- **Assignment**
When you copy the entries, match them exactly and omit the pictures.

- **Exercise material**
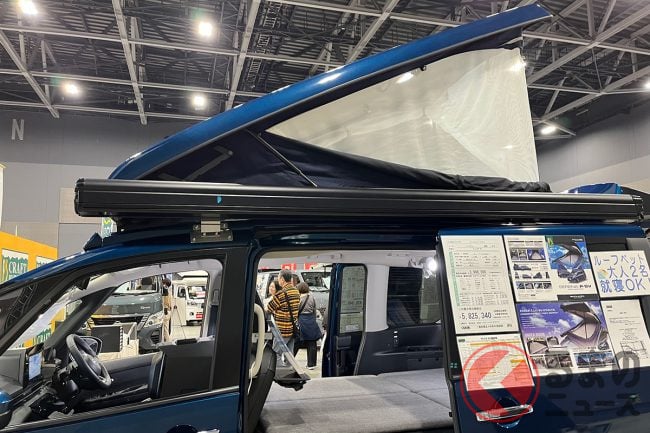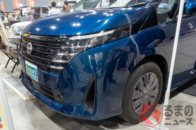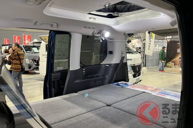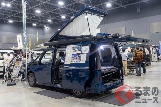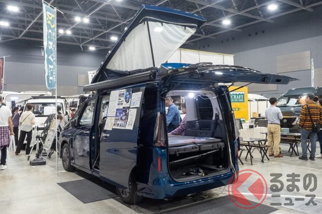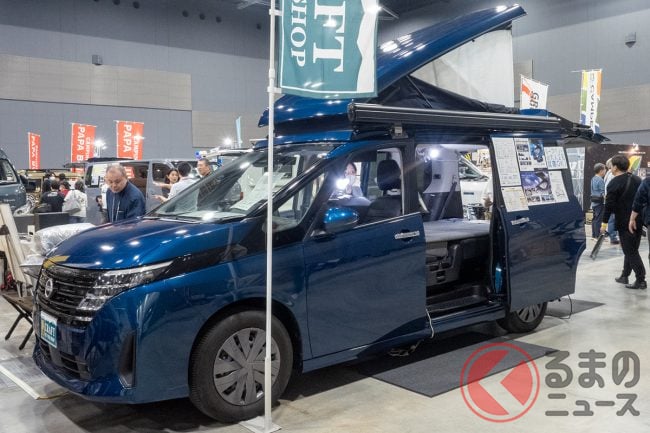 日産ピーズフィールドクラフトは、人気ミニバンの日産「セレナ」をベースにしたキャンピングカーを「福岡キャンピングカーショー2025」で展示しました。
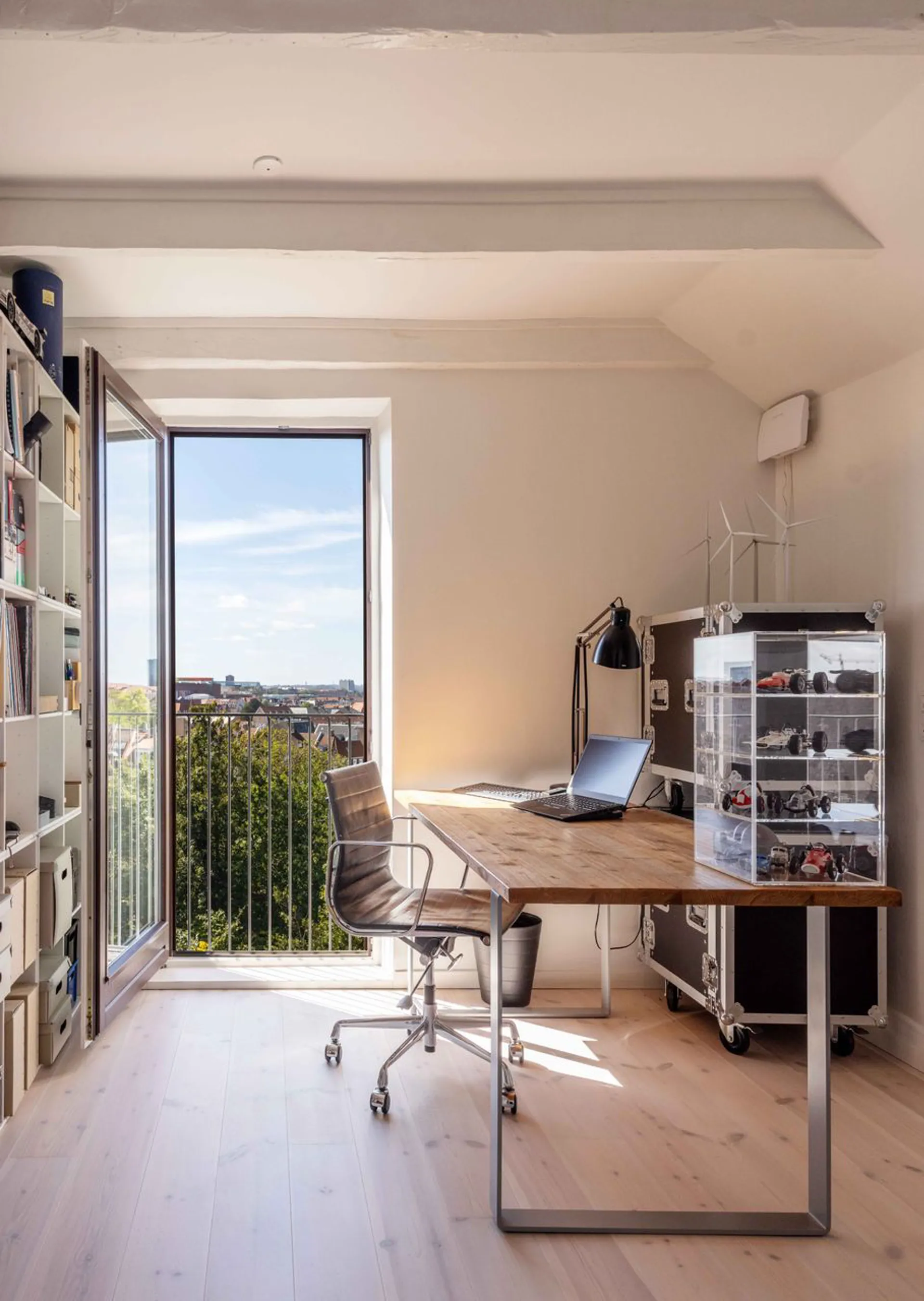 De to altaner er noget helt unikt. Fra køkkenet træder man ud på den vestvendte altan, og fra alrummet den sydvestvendte. Her får man noget nær et panoramaview fra fjerde sal og følelsen af at bo i et lille hus på toppen af storbyen. Udsigten er magisk til det meste af byen og både nye og gamle tårne. På altanerne er der plads til både gæster til middag, blomster og plantekasser.
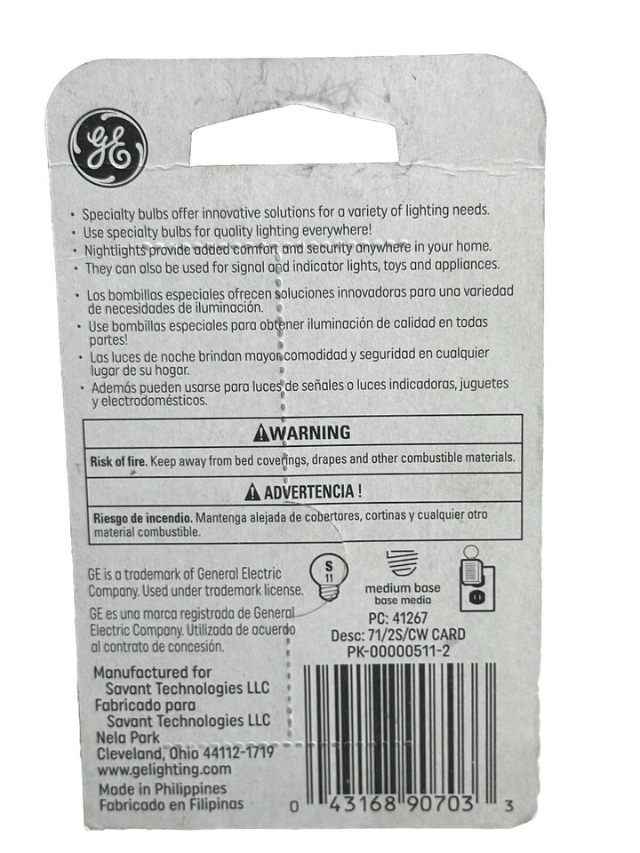 - GE Specialty Nightlight Bulb S11, 7.5W Medium Base, White 120 Volts New
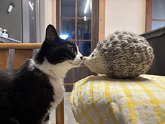 * **Fingering**で編む 13.5 cm のハリネズミ: メインの色26m, 模様の色38m
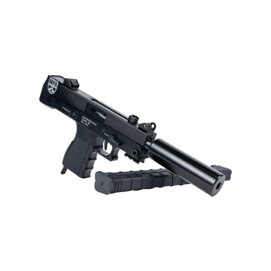 MasterPiece Arms strives for total innovation. This Defender 9mm handgun is the traditional top cocking model with a 5.5″ threaded barrel, a lever safety selector, 30-round magazine, and a Cerakote finish. It comes with a polymer carrying case.
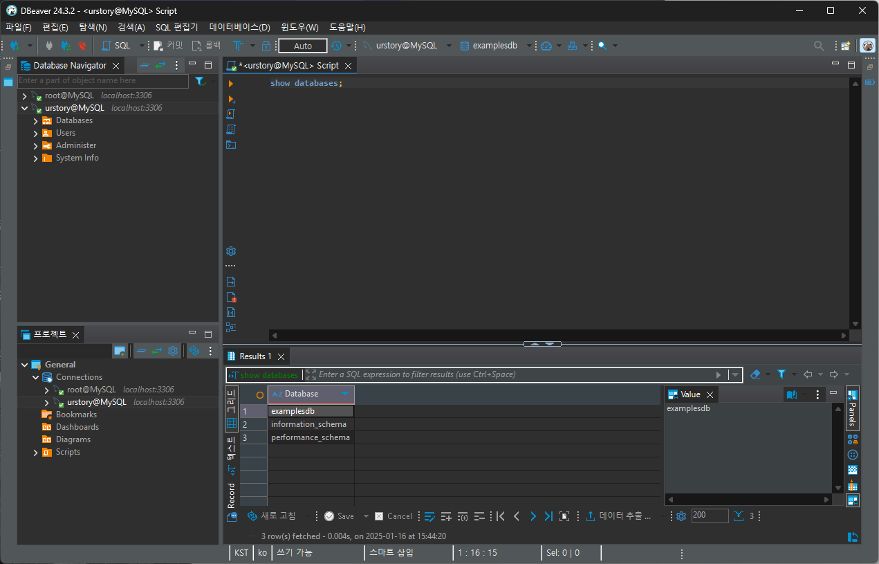3-1-1. 데이터베이스 생성, 조회, 사용, 삭제
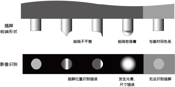 要想避免插腳前端形狀差異導(dǎo)致的識別錯誤,防止插入不良,必須配備能正確識別插腳前端影像的相機(jī)與照明方式。
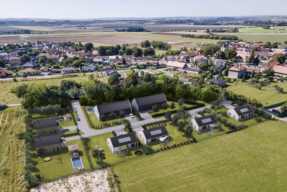 Ucelené území nabízí 8 parcel velikostí od 807 m² po velkorysých 1030 m²
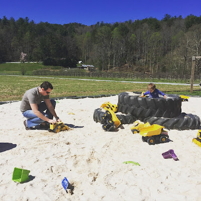 Love this picture of my “boys” playing in the sand at Hillside Orchard
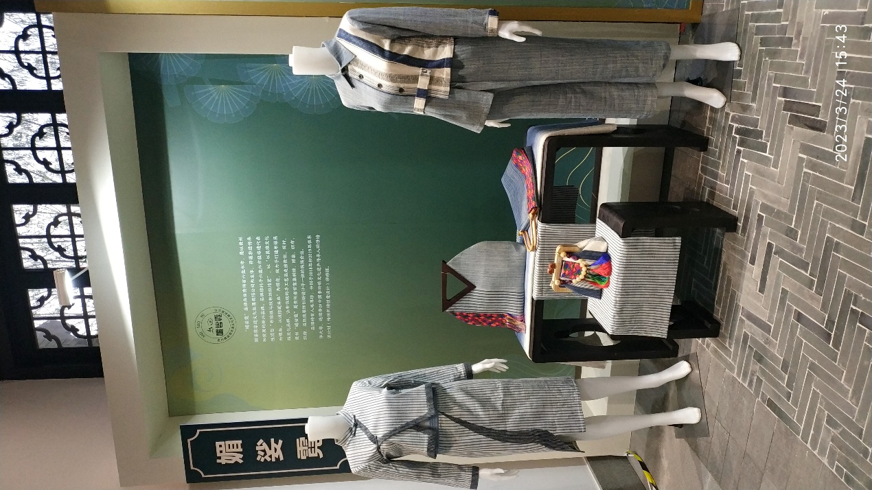 展览现场,一位广东本地客家山歌传承人被秀丽作品优雅的蓝色深深吸引,希望为自己的客家山歌设计团队服装,专程到现场助阵的笔者马上给她们牵线。
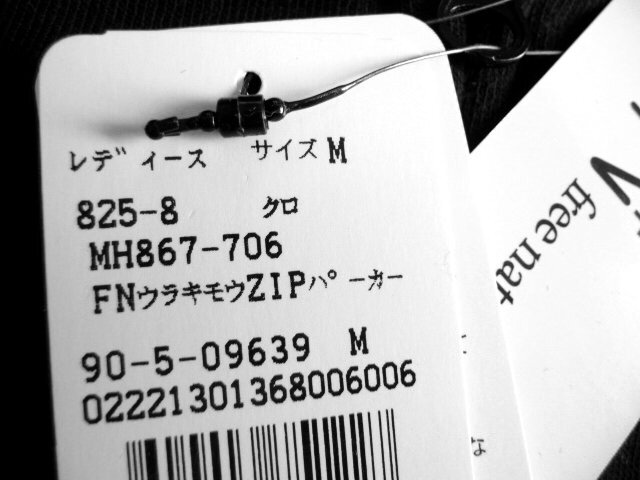 新品 MAC HOUSE マックハウス 裏起毛 フルジップ パーカー スウェット 黒 M レディース ジップパーカー
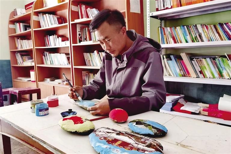 張銀波駐村期間,通過手繪石頭畫慶祝中國共產黨成立100周年。
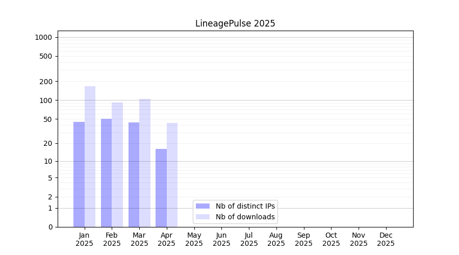 LineagePulse_2025_stats.tab| Month | Nb of distinct IPs | Nb of downloads |
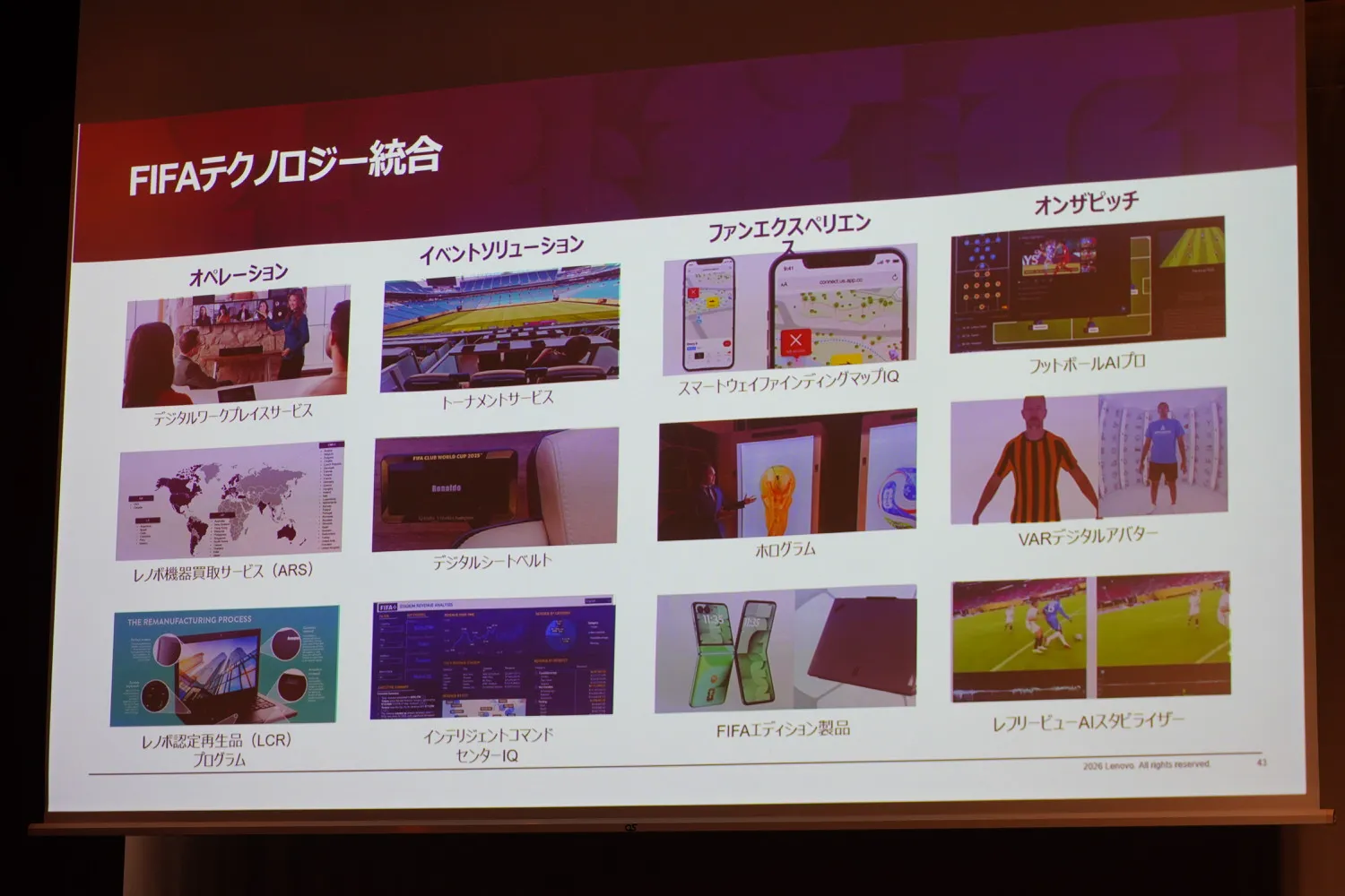 スポーツ分野では、FIFAの公式テクノロジーパートナーとして、2026年男子ワールドカップおよび2027年女子ワールドカップでのAI活用を支援する。3Dリアルタイム再構成技術によるVAR高度化や、審判用カメラ映像の補正、会場運営を最適化するデジタルツイン基盤などを展開する予定だ。
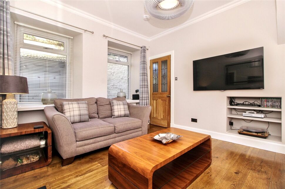 A spacious, cosy feeling reception room featuring a charming fireplace and dual aspect windows, allowing natural light to flood the space.

- **Problem solution**
 日産ピーズフィールドクラフトは、人気ミニバンの日産「セレナ」をベースにしたキャンピングカーを「福岡キャンピングカーショー2025」で展示しました。
 De to altaner er noget helt unikt. Fra køkkenet træder man ud på den vestvendte altan, og fra alrummet den sydvestvendte. Her får man noget nær et panoramaview fra fjerde sal og følelsen af at bo i et lille hus på toppen af storbyen. Udsigten er magisk til det meste af byen og både nye og gamle tårne. På altanerne er der plads til både gæster til middag, blomster og plantekasser.
 - GE Specialty Nightlight Bulb S11, 7.5W Medium Base, White 120 Volts New
 * **Fingering**で編む 13.5 cm のハリネズミ: メインの色26m, 模様の色38m
 MasterPiece Arms strives for total innovation. This Defender 9mm handgun is the traditional top cocking model with a 5.5″ threaded barrel, a lever safety selector, 30-round magazine, and a Cerakote finish. It comes with a polymer carrying case.
3-1-1. 데이터베이스 생성, 조회, 사용, 삭제
 要想避免插腳前端形狀差異導(dǎo)致的識別錯誤,防止插入不良,必須配備能正確識別插腳前端影像的相機(jī)與照明方式。
 Ucelené území nabízí 8 parcel velikostí od 807 m² po velkorysých 1030 m²
 Love this picture of my “boys” playing in the sand at Hillside Orchard
 展览现场,一位广东本地客家山歌传承人被秀丽作品优雅的蓝色深深吸引,希望为自己的客家山歌设计团队服装,专程到现场助阵的笔者马上给她们牵线。
 新品 MAC HOUSE マックハウス 裏起毛 フルジップ パーカー スウェット 黒 M レディース ジップパーカー
 張銀波駐村期間,通過手繪石頭畫慶祝中國共產黨成立100周年。
 LineagePulse_2025_stats.tab| Month | Nb of distinct IPs | Nb of downloads |
 スポーツ分野では、FIFAの公式テクノロジーパートナーとして、2026年男子ワールドカップおよび2027年女子ワールドカップでのAI活用を支援する。3Dリアルタイム再構成技術によるVAR高度化や、審判用カメラ映像の補正、会場運営を最適化するデジタルツイン基盤などを展開する予定だ。
 A spacious, cosy feeling reception room featuring a charming fireplace and dual aspect windows, allowing natural light to flood the space.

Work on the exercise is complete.